Copy the records below exactly, starting at the line that contains "FEEBO跳绳轴承竞速中考体" and ending at the line that contains "パッケージにはデュアルWiFiアンテナ x 1、RP-SMAアダプタ"; leave out any pictures.

Supplied information:
==========

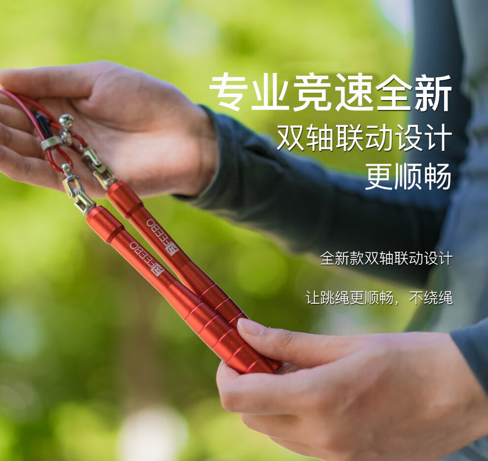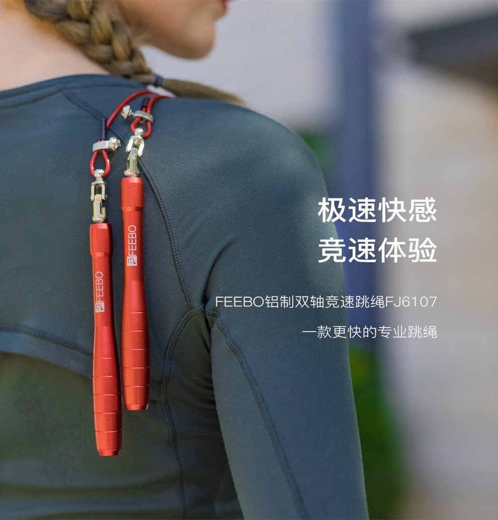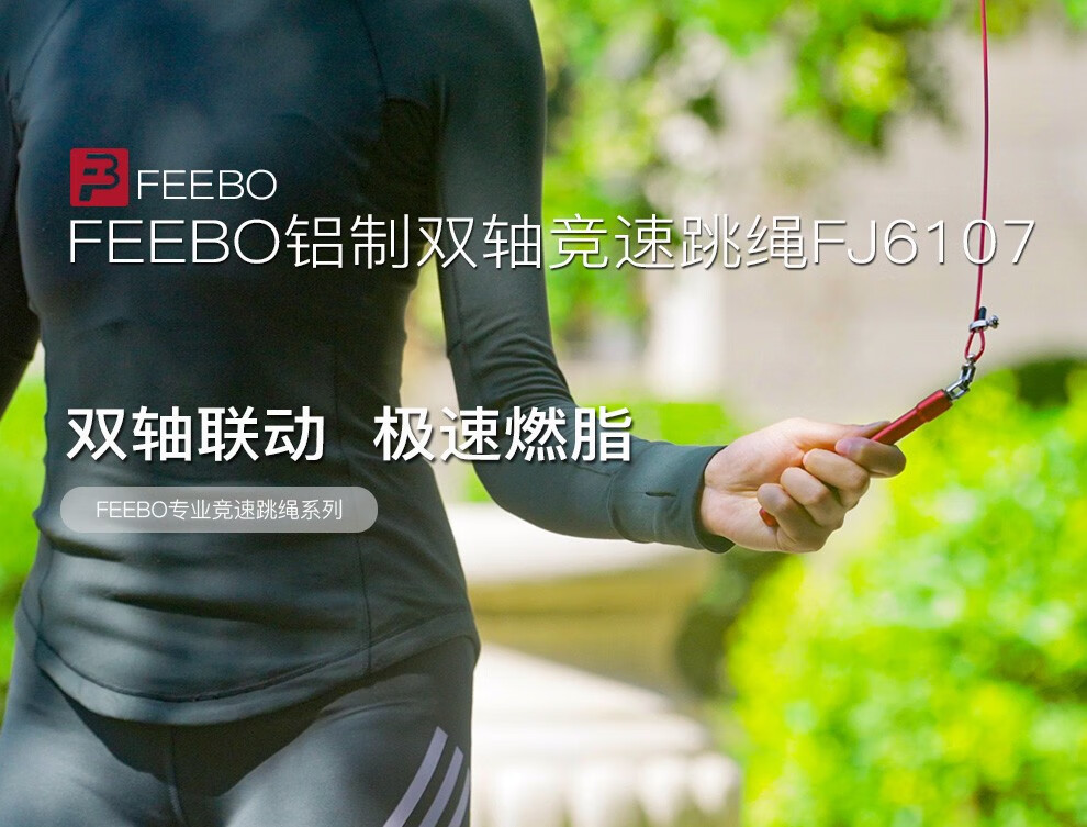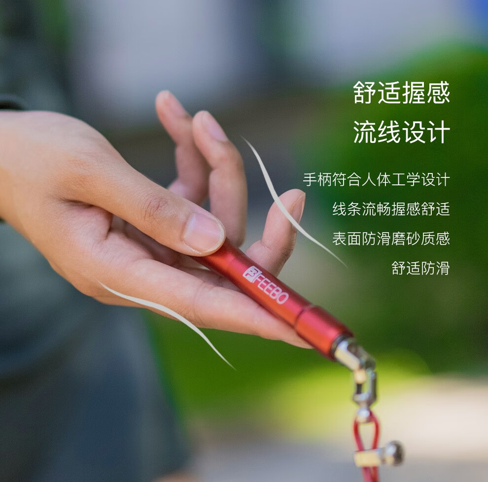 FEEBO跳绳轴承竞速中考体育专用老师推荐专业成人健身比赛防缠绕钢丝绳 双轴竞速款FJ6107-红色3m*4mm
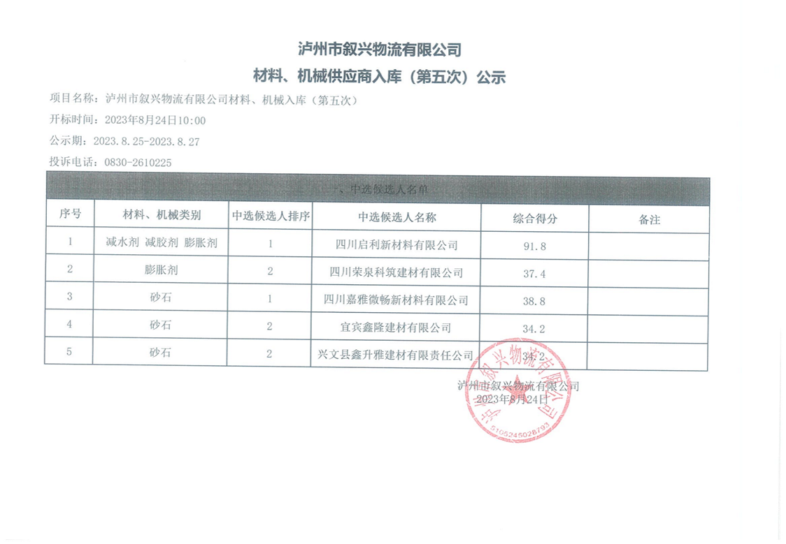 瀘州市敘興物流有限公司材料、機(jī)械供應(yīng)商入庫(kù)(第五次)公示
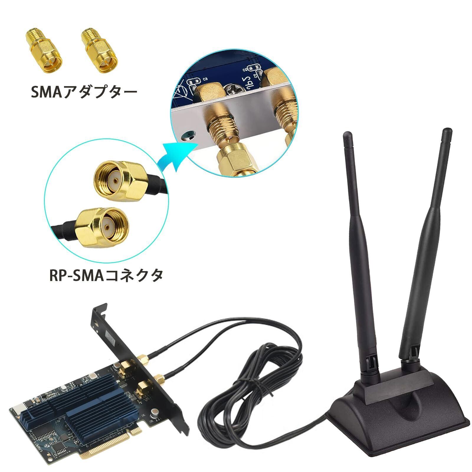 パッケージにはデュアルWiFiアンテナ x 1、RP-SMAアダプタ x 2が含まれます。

==========

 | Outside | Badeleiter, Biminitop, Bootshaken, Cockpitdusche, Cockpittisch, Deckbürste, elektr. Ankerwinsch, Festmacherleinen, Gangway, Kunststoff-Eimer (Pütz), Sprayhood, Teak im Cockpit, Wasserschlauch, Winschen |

==========

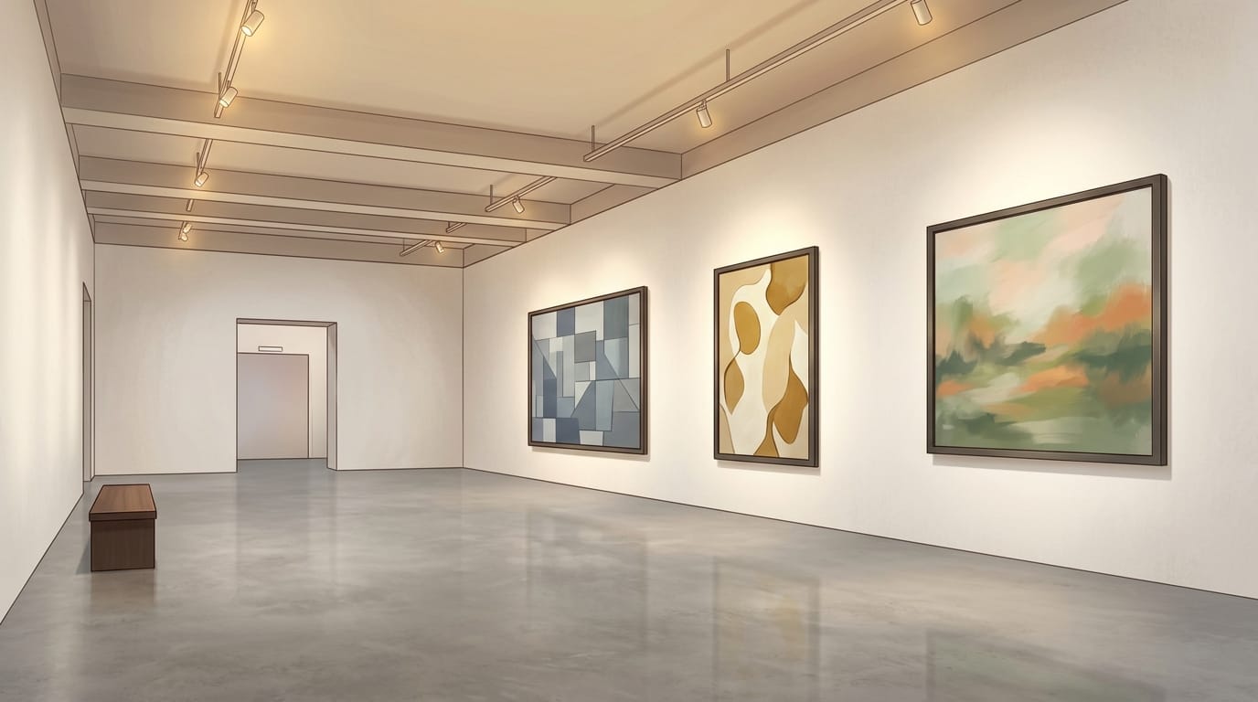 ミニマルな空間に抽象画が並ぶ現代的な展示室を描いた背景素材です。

==========

Result:
 FEEBO跳绳轴承竞速中考体育专用老师推荐专业成人健身比赛防缠绕钢丝绳 双轴竞速款FJ6107-红色3m*4mm
 瀘州市敘興物流有限公司材料、機(jī)械供應(yīng)商入庫(kù)(第五次)公示
 パッケージにはデュアルWiFiアンテナ x 1、RP-SMAアダプタ x 2が含まれます。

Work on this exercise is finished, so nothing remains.